Enhanced adsorption performance of PPy/TiO2 prepared on surface of TiO2 without calcination

Abstract

The PPy/TiO2 composites were synthesized by polymerizing pyrrole monomer on the surface of TiO2 calcined at different temperatures. The results of Fourier Transform Infrared spectroscopy, X-ray diffraction, Temperature programmed desorption, X-ray photoelectron spectroscopy and Zeta potential showed that the type and amount of the active groups on TiO2 surface decreased with the increase of calcination temperature, leading to a significant decline in its adsorption capacity for Acid Red G (ARG) and Methylene Blue (MB).
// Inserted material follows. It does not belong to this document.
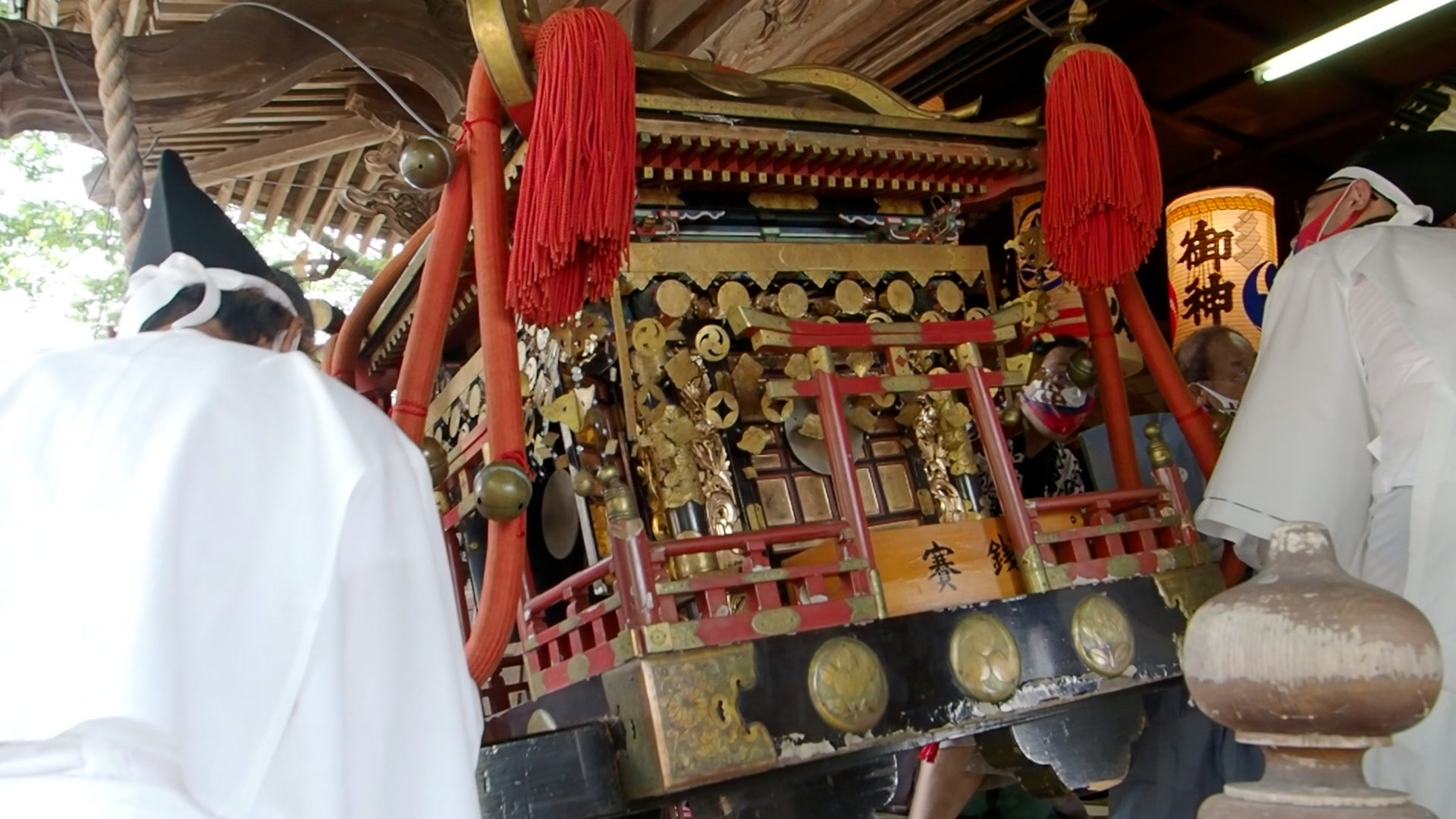 その後、宵祭(祭りの初日)の午後から上のお宮(三社神社)を出発し、下のお宮(住吉社)で一晩を明かし、翌日、上のお宮に戻るという神輿渡御が始まりました。

This also had a significant influence on the physicochemical property and adsorption performance of PPy/TiO2. The prepared PPy/TiO2 composite exhibited an enhanced adsorption capacity for ARG and MB. The adsorption ability of PPy/TiO2 was the strongest when TiO2 was not calcined and gradually decreased with the increase of the calcination temperature of TiO2. The PPy/TiO2 composite without calcination was chosen to investigate its adsorption performance. The results showed that the adsorption behaviors of ARG and MB on PPy/TiO2 were described by the pseudo-second-order and Langmuir isotherm models with the maximum adsorption amount of 424.75 and 439.61 mg/g for ARG and MB, respectively. Finally, the surface chemical properties of TiO2 seriously affected the adsorption performance of PPy/TiO2. The PPy/TiO2 composite could possess excellent adsorption performance when the selected TiO2 contained more hydroxyl and carboxyl groups.